■ PROBLEM DESCRIPTION: Omit the pictures and output exactly the lines from the start of the entries through the line containing "Visible crew/equipment: When".

──────────

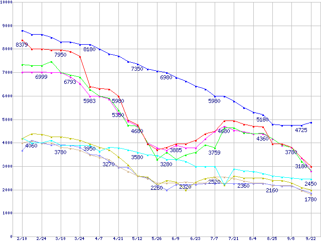 メモリ主要製品(最安値5千円~1万円未満)の最安値推移
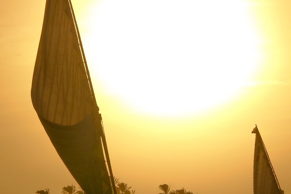 Eine Brise im Segel, ein bisschen Segeln auf dem Nil. Der Sonnenuntergang geht hinter den Bergen von Luxor in Ägypten unter.
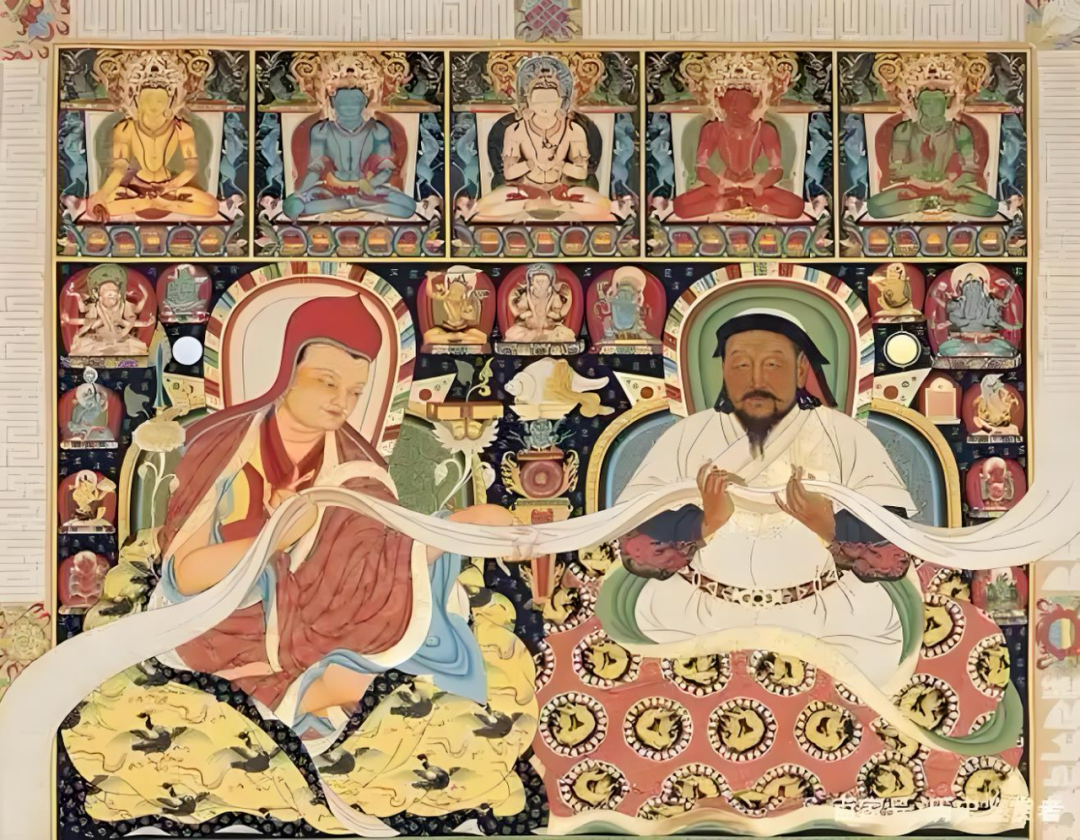 蒙古族自元朝以來普遍信仰藏傳佛教,也改變了中國北方和西北民族、邊疆的政治、地域和宗教文化面貌。同時,蒙古人長期以來在西藏地方的政治和宗教史上都扮演了極為重要的角色,從八思巴與忽必烈,到三世達賴喇嘛與俺答汗、五世達賴喇嘛與固始汗,他們之間都建立起了“施供關(guān)系”,體現(xiàn)了蒙藏之間緊密的政教關(guān)系。
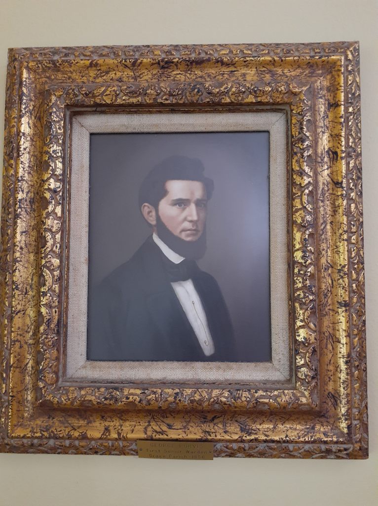 George Purvis was a native of England but settled in the Ouachita Parish area before the Civil War. He married Carolyn K. Morrison (from a very old Ouachita Parish family) and they were the parents of several children. When I was inside Grace Episcopal Church earlier this year, I saw a painting of George hanging on the wall of their fellowship hall. I made a snapshot of the painting:
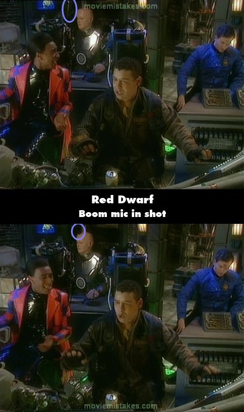 Visible crew/equipment: When the Cat becomes visible again after going through an unreality pocket, the shot changes to a wide shot of the crew. A boom mic can be seen to be pulled out of shot at the top of the screen by Kryten's head. (00:11:40)
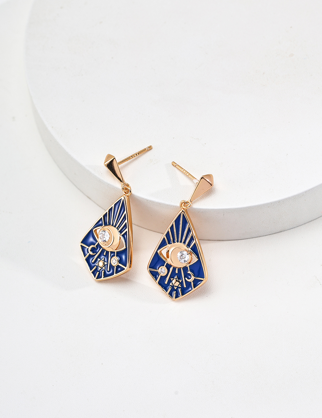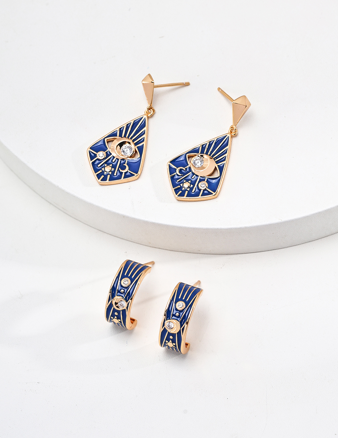 The Dangle Earrings showcase a powerful eye motif, surrounded by delicate starbursts and glittering zircons, designed to offer protection and insight. Complementing these are the Huggie Hoops, featuring a sleek, curved design illuminated by sparkling zircons and a celestial pattern against the vibrant blue glaze.
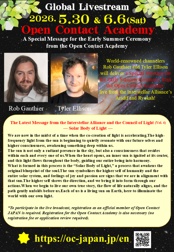 May 30 & June 6, 2026, the Early Summer Ceremony of the Open Contact Academy, presented by the Interstellar Alliance, will be held in Japan and broadcast live worldwide! (Participation fee: PartⅠ ¥14,400 + tax / PartⅡ ¥35,600 + tax)
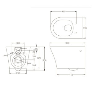 Kantfri toalett inkludert avtagbart sete med dempelukking. Det medfølger propper for å dekke hullene i sidene. Standard bolteavstand 180 mm.

──────────

■ ANSWER SPACE:
 メモリ主要製品(最安値5千円~1万円未満)の最安値推移
 Eine Brise im Segel, ein bisschen Segeln auf dem Nil. Der Sonnenuntergang geht hinter den Bergen von Luxor in Ägypten unter.
 蒙古族自元朝以來普遍信仰藏傳佛教,也改變了中國北方和西北民族、邊疆的政治、地域和宗教文化面貌。同時,蒙古人長期以來在西藏地方的政治和宗教史上都扮演了極為重要的角色,從八思巴與忽必烈,到三世達賴喇嘛與俺答汗、五世達賴喇嘛與固始汗,他們之間都建立起了“施供關(guān)系”,體現(xiàn)了蒙藏之間緊密的政教關(guān)系。
 George Purvis was a native of England but settled in the Ouachita Parish area before the Civil War. He married Carolyn K. Morrison (from a very old Ouachita Parish family) and they were the parents of several children. When I was inside Grace Episcopal Church earlier this year, I saw a painting of George hanging on the wall of their fellowship hall. I made a snapshot of the painting:
 Visible crew/equipment: When the Cat becomes visible again after going through an unreality pocket, the shot changes to a wide shot of the crew. A boom mic can be seen to be pulled out of shot at the top of the screen by Kryten's head. (00:11:40)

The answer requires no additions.